Edder Baldeos Terrones - En Casa. (Serie: Cuento)

 



“Equivocamos el camino para hallar la felicidad”

                                                                         G-3

 

Madre nos decía a hermano y a mí que no había mejor sitio para estar que el hogar. Nos dijo que cuando nos sintamos rechazados en alguna circunstancia, pensemos siempre en nuestra casa como refugio. Lo dijo tantas veces, que en un momento dado, le creímos.

Eso duró hasta mis catorce años, trece en el caso de hermano; cuando un tipo asomó hasta la casa con sus cinco maletas Porta, se estableció en la habitación de mamá y se quedó sin premura. Unos días después, madre nos pidió cambiarnos de dormitorio. Hasta entonces, nosotros teníamos la recamara más grande por ser dos y ella solo una. Entonces se hizo el cambio, el primero. Nos confinó a hermano y a mí a un cuarto corto y chato, de paredes sin tarrajear y, sobre todo, de total incertidumbre.

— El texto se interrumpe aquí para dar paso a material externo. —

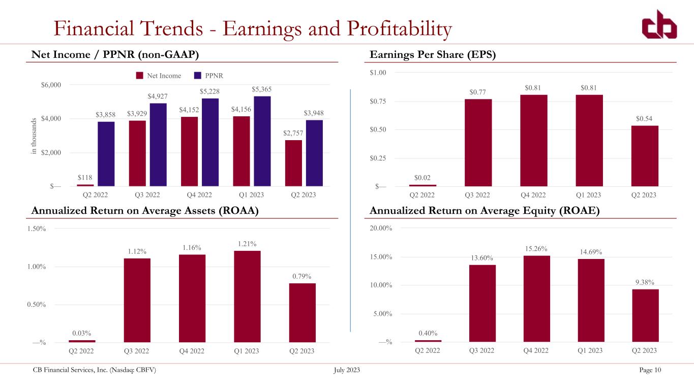 CB Financial Services, Inc. (Nasdaq: CBFV) July 2023 Page 9 Financial Trends - Balance Sheet Total Net LoansTotal Assets Total Deposits Total Stockholders' Equity in m ill io ns $1,386 $1,426 $1,409 $1,431 $1,433 6/30/22 9/30/22 12/31/22 3/31/23 6/30/23 $1,300 $1,350 $1,400 $1,450 $1,500 in m ill io ns $1,015 $1,030 $1,037 $1,062 $1,090 Net Loans Yield on Loans 6/30/22 9/30/22 12/31/22 3/31/23 6/30/23 $900 $1,000 $1,100 3.00% 4.00% 5.00% in m ill io ns $1,215 $1,276 $1,269 $1,282 $1,263 Total Deposits Cost of Interest Bearing Deposits 6/30/22 9/30/22 12/31/22 3/31/23 6/30/23 $1,100 $1,150 $1,200 $1,250 $1,300 —% 1.00% 2.00% 3.00% in m ill io ns $114 $107 $110 $117 $117 6/30/22 9/30/22 12/31/22 3/31/23 6/30/23 $75 $100 $125 $150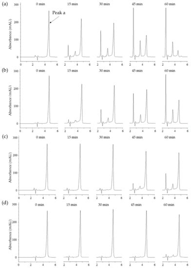 (a) High-performance liquid chromatography (HPLC) analysis of change in the content of N-acetyl-L-tyrosine (peak a, tR = 4.6 min) as a substrate for tyrosinase at different incubation times (0, 15, 30, 45, and 60 min) in the absence of compound 1. (b) in the presence of 5.0 μM compound 1. (c) in the presence of 10 μM compound 1. (d) in the presence of 20 μM compound 1.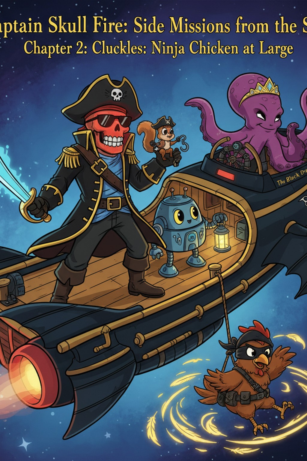 Later that night, Cluckles strutted through the ship wearing a new black belt tied around his middle.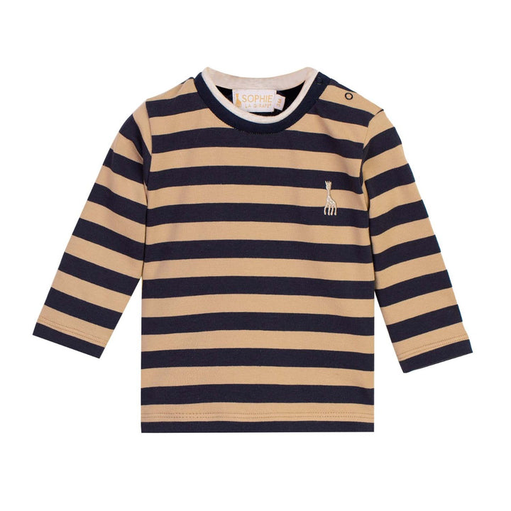 Brown Striped sweatshirt by Sophie the Giraffe. The sweatshirt have a embroidered logo on the chest.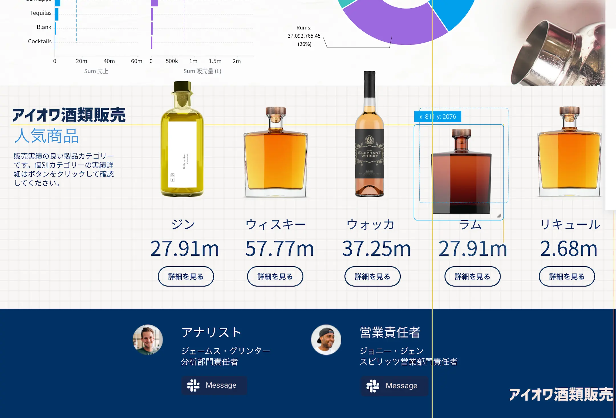 ストーリー – Yellowfin ストーリーは、豊富な知識を持つビジネスユーザーが数字の背後にある完全な文脈を提供することを可能にします。pudding.coolやmedium.comといった人気のストーリーテリングサイトに倣い、レポートやビジュアライゼーションをテキストと一緒に組み込み、数字の背後にあるストーリーを提供することができます。ストーリーは、イメージやビデオだけでなく、Power BIやTableauなど他のBIツールのレポートとも組み合わせることができます。ストーリーは、データの塊や複雑なビジュアライゼーションの解釈が困難な情報消費者に最適で、専門家による段階的な説明を受けることができます。
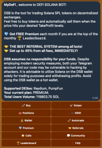 - Premium Subscription: Subscribers to the premium service gain access to enhanced functionalities and potential cost savings, providing an upgraded trading experience.citeturn0search2 y leveraging Defi Solana Bot, traders can automate their strategies, efficiently manage their portfolios, and take advantage of the dynamic opportunities within the Solana ecosystem.

No lo conocimos con propiedad antes de su incorporación a la familia, al menos con la que se debiera conocer a un próximo padrastro. Tuve la certeza que su presentación no fue la adecuada; me hubiera encantado saber un poco más de quien, de pronto, nos quitó la habitación y algunos sueños. Solo supimos que ayudaba a madre cargando los bultos más pesados del mercado y que le invitaba bocadillos en los descansos del trabajo. Carecíamos de una idea clara de cómo sería nuestra vida con él a lado.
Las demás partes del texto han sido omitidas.